== Extracted entries
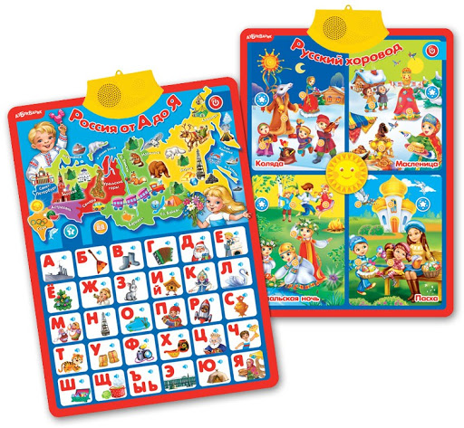 На первой стороне плаката представлены интересные факты о России и алфавит, на второй – изображения, которые расскажут о русских праздниках. Чтобы обучение не было скучным, малышей ждут весёлые загадки и песенки ("Калинка", "Светит месяц", "Россия", "Го-го-го, коза!", "Ты, мороз, мороз, мороз", "Барыня", "Солнышко-колоколнышко", "Коробейники", "Я на горку шла", "Выйду на улицу", "Как у наших у ворот", "Во поле берёза стояла", "Расти, коса, до пояса", "Мир похож на цветной луг", "Пасхальная песенка", "Самая счастливая", "Радуга-дуга", "Валенки"). Плакат можно повесить на стену или играть с ним, где будет удобнее. Громкость звука регулируется.
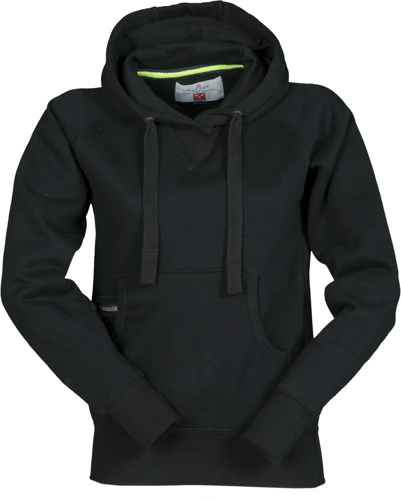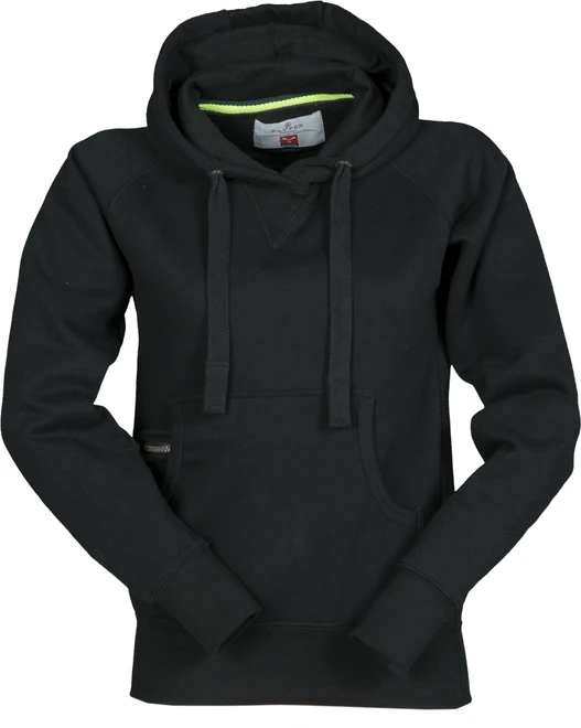 Dvojité švy, kapuce, kovová očka na kapuci, bílá stahovací šňůrka, raglánové rukávy, dekorativní prošití do "V" pod výstřihem, klokaní kapsa, malá kapsa na zip, elastické manžety a spodní lem, vyztužené švy, vypasovaný střih
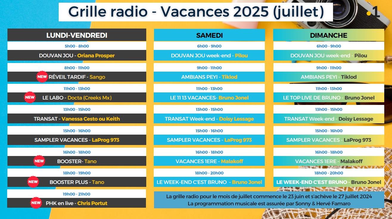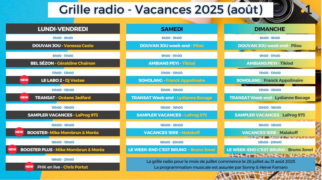 Alors que les grandes vacances débutent, Guyane la 1ère installe une ambiance estivale chaleureuse et conviviale sur ses ondes. Jusqu'au 31 août 2025, la station publique promet d’accompagner les auditeurs avec une grille estivale renouvelée, placée sous le signe de la proximité, de la détente et de la bonne humeur.
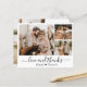 Budget, Modern, Elegant, Hand Lettered Wedding (3) Three Photo Collage Thank You Card. Stylish wedding thank you template featuring three photo on the front and one photo on the back. With the text "Love and thanks" in a swirly hand lettered typography script font with swashes in black colour on white background. Little heart between the names. Add your custom name and thank you message. If you prefer to handwrite your note, just delete the sample text to make more space.
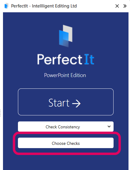 You can run PerfectIt for PowerPoint with all of its checks or you can choose specific checks. Click the Choose Checks button to select which checks PerfectIt should include.
====
* Task directions: Each line of the data above must be repeated exactly, images excluded.

* Answer to this problem:
 На первой стороне плаката представлены интересные факты о России и алфавит, на второй – изображения, которые расскажут о русских праздниках. Чтобы обучение не было скучным, малышей ждут весёлые загадки и песенки ("Калинка", "Светит месяц", "Россия", "Го-го-го, коза!", "Ты, мороз, мороз, мороз", "Барыня", "Солнышко-колоколнышко", "Коробейники", "Я на горку шла", "Выйду на улицу", "Как у наших у ворот", "Во поле берёза стояла", "Расти, коса, до пояса", "Мир похож на цветной луг", "Пасхальная песенка", "Самая счастливая", "Радуга-дуга", "Валенки"). Плакат можно повесить на стену или играть с ним, где будет удобнее. Громкость звука регулируется.
 Dvojité švy, kapuce, kovová očka na kapuci, bílá stahovací šňůrka, raglánové rukávy, dekorativní prošití do "V" pod výstřihem, klokaní kapsa, malá kapsa na zip, elastické manžety a spodní lem, vyztužené švy, vypasovaný střih
 Alors que les grandes vacances débutent, Guyane la 1ère installe une ambiance estivale chaleureuse et conviviale sur ses ondes. Jusqu'au 31 août 2025, la station publique promet d’accompagner les auditeurs avec une grille estivale renouvelée, placée sous le signe de la proximité, de la détente et de la bonne humeur.
 Budget, Modern, Elegant, Hand Lettered Wedding (3) Three Photo Collage Thank You Card. Stylish wedding thank you template featuring three photo on the front and one photo on the back. With the text "Love and thanks" in a swirly hand lettered typography script font with swashes in black colour on white background. Little heart between the names. Add your custom name and thank you message. If you prefer to handwrite your note, just delete the sample text to make more space.
 You can run PerfectIt for PowerPoint with all of its checks or you can choose specific checks. Click the Choose Checks button to select which checks PerfectIt should include.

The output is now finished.